§ **Material shown**
:::::
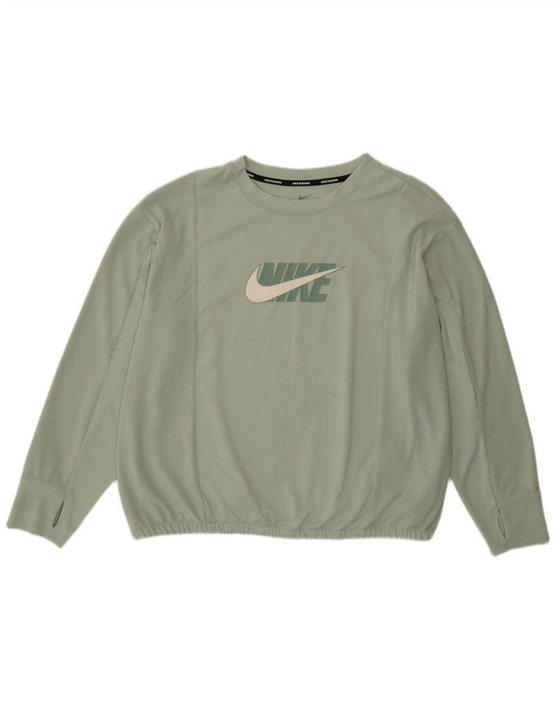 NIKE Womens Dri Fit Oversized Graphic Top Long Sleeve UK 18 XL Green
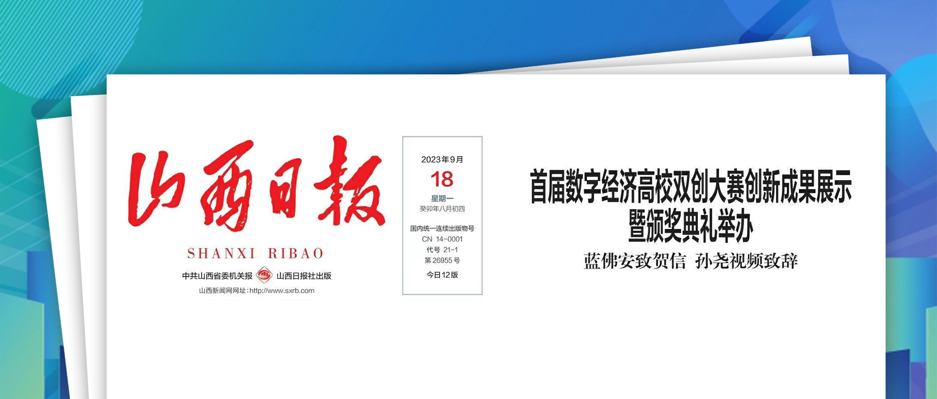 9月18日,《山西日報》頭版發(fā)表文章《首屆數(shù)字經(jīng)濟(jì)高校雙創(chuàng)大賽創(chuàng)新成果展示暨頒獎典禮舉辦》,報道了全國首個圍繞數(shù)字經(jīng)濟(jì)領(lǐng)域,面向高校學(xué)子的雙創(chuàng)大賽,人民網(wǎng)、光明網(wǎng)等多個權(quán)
:::::
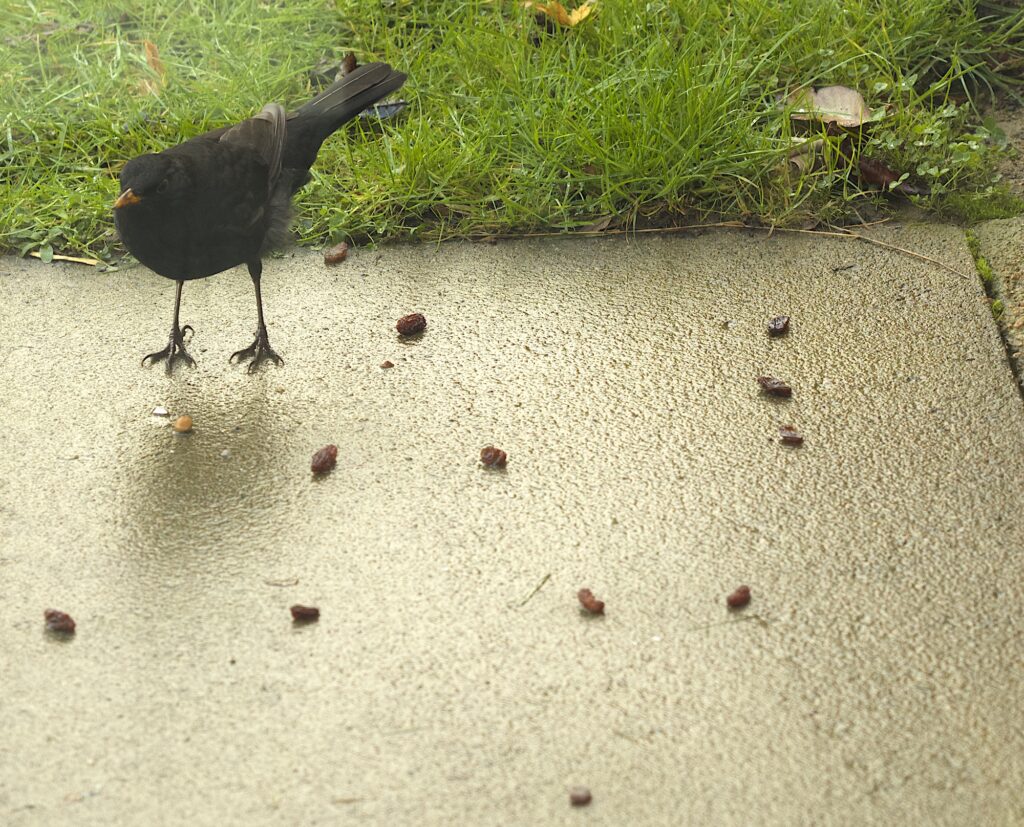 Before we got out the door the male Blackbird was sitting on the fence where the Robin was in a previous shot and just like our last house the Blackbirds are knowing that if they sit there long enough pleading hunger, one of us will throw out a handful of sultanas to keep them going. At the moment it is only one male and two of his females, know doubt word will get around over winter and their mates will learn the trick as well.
:::::
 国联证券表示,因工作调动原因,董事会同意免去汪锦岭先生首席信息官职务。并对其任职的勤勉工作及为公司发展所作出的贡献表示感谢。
:::::
§ **What is being asked**
Write out exactly the lines above between the one with "NIKE Womens Dri" and the one with "9月18日,《山西日報》頭版", inclusive, with pictures left out.

§ **Answer section**
 NIKE Womens Dri Fit Oversized Graphic Top Long Sleeve UK 18 XL Green
 9月18日,《山西日報》頭版發(fā)表文章《首屆數(shù)字經(jīng)濟(jì)高校雙創(chuàng)大賽創(chuàng)新成果展示暨頒獎典禮舉辦》,報道了全國首個圍繞數(shù)字經(jīng)濟(jì)領(lǐng)域,面向高校學(xué)子的雙創(chuàng)大賽,人民網(wǎng)、光明網(wǎng)等多個權(quán)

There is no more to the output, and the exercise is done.